What you will do — Find the line containing "Ovo je kp stranica", then return it and every line after it through the end of the records, exactly. Leave out pictures.

Items listed in a dataset —
- - -
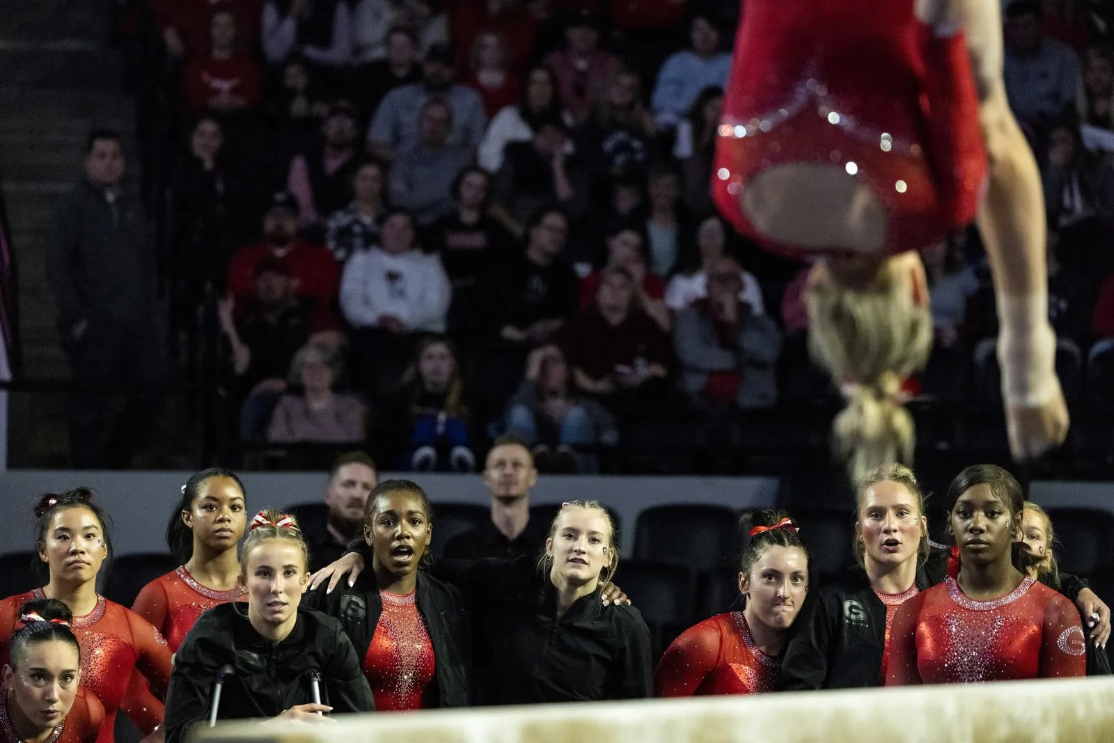 Members of the gymnastics team hold their collective breath as a teammate performs her beam routine during the first home meet of the season.
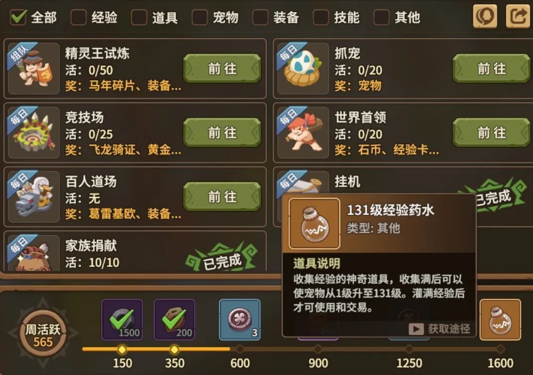 同样每周活跃度赠送的经验空瓶也是一样(绑定,无法交易)。
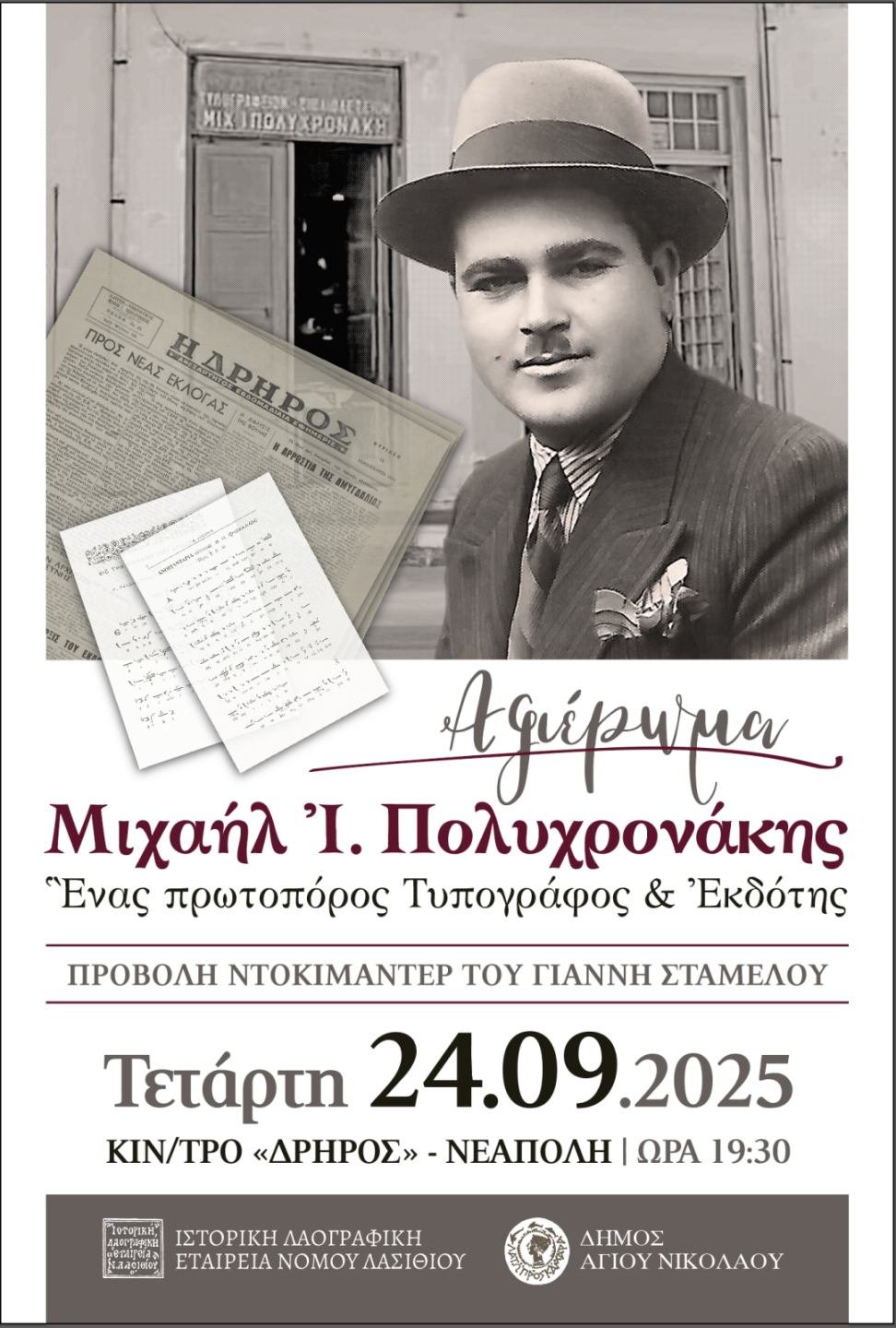 Η Ιστορική Λαογραφική Εταιρεία Νομού Λασιθίου σε συνεργασία με τον Δήμο Αγίου Νικολάου διοργανώνουν εκδήλωση-αφιέρωμα στον Μιχαήλ Ιωάννου Πολυχρονάκη την Τετάρτη 24 Σεπτεμβρίου 2025 στο κινηματοθέατρο «Δρήρος» στη Νεάπολη, κατά τη διάρκεια της οποίας θα προβληθεί το ντοκιμαντέρ του Γιάννη Σταμέλου που είναι αφιερωμένο στον τιμώμενο.
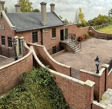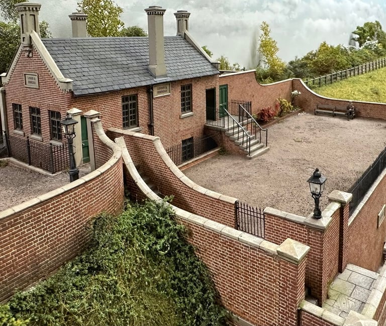 There is still work to do around the exit gateway where the wall of the forecourt meets the curved wall by the roadside. This is a difficult area and probably best sorted out with everything in place - a matter of joining the dots.
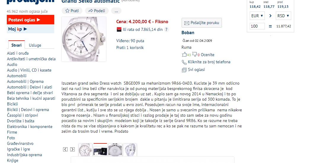 Ovo je kp stranica na kojoj se prodaje doticni sat
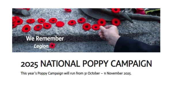 The Royal Canadian Legion's 2025 Poppy Campaign will run from the last Friday in October,
- - -
Task output —
 Ovo je kp stranica na kojoj se prodaje doticni sat
 The Royal Canadian Legion's 2025 Poppy Campaign will run from the last Friday in October,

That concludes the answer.